-- Task to carry out --
Since the records include pictures, leave those out while you reproduce exactly and only the lines from the one containing "2、软件也提供大量的推荐模板,涵盖生活、自拍和搞笑等热门题材。" through the one containing "德业股份:中邮证券-德业股份", inclusive.
BEGIN Stored data
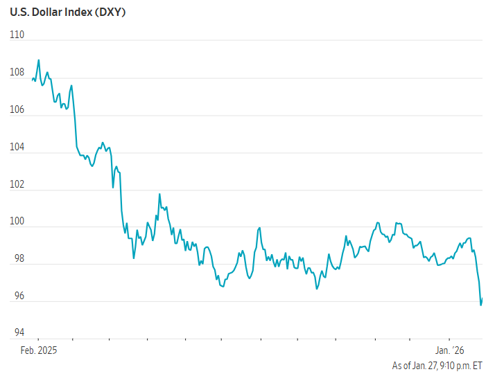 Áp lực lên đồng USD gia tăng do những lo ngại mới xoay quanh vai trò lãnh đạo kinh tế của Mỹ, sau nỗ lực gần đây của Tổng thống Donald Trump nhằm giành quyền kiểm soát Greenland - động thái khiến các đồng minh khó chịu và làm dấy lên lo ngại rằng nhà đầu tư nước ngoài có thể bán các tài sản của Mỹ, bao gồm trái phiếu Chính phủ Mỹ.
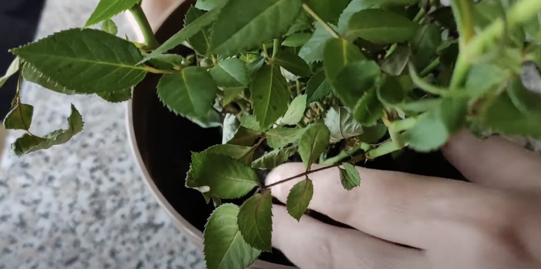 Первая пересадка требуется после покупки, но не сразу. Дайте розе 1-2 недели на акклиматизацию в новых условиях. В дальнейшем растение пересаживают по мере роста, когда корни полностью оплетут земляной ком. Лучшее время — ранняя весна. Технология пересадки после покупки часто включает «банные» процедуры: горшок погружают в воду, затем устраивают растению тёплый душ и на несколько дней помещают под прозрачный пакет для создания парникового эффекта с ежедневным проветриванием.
END Stored data
BEGIN Stored data
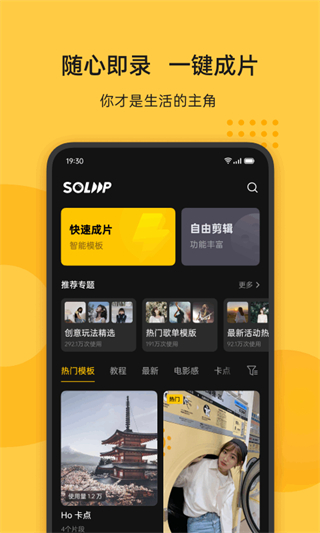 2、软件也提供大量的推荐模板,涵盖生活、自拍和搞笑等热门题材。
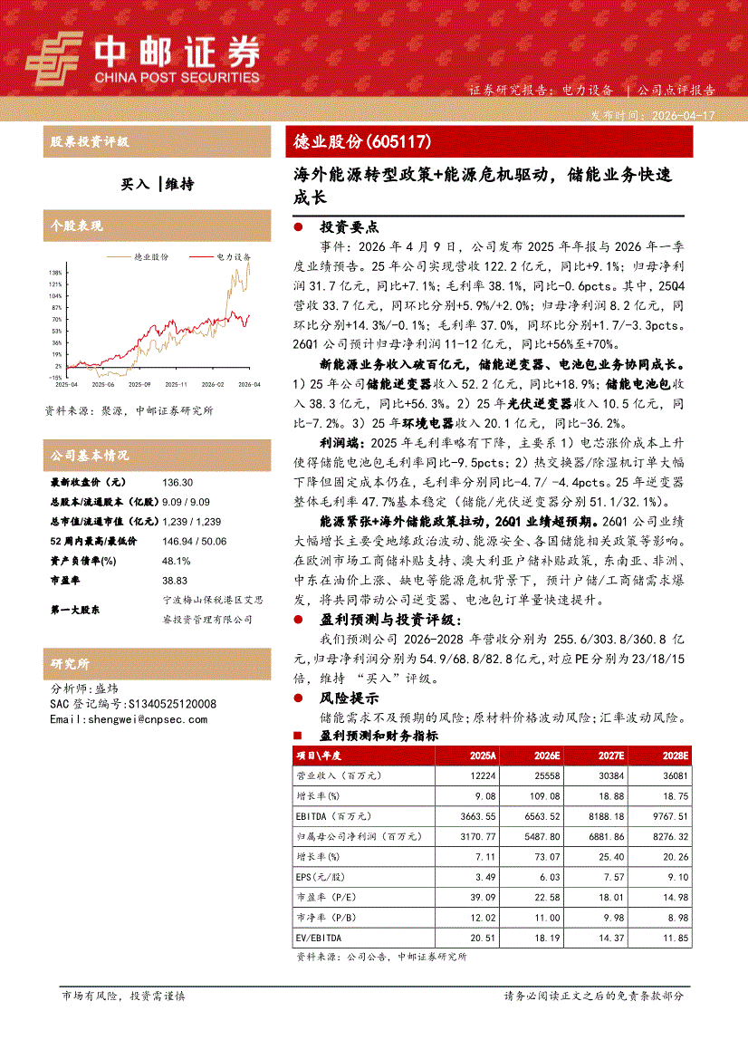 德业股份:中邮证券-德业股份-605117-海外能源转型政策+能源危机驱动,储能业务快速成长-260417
END Stored data
-- Finished task --
 2、软件也提供大量的推荐模板,涵盖生活、自拍和搞笑等热门题材。
 德业股份:中邮证券-德业股份-605117-海外能源转型政策+能源危机驱动,储能业务快速成长-260417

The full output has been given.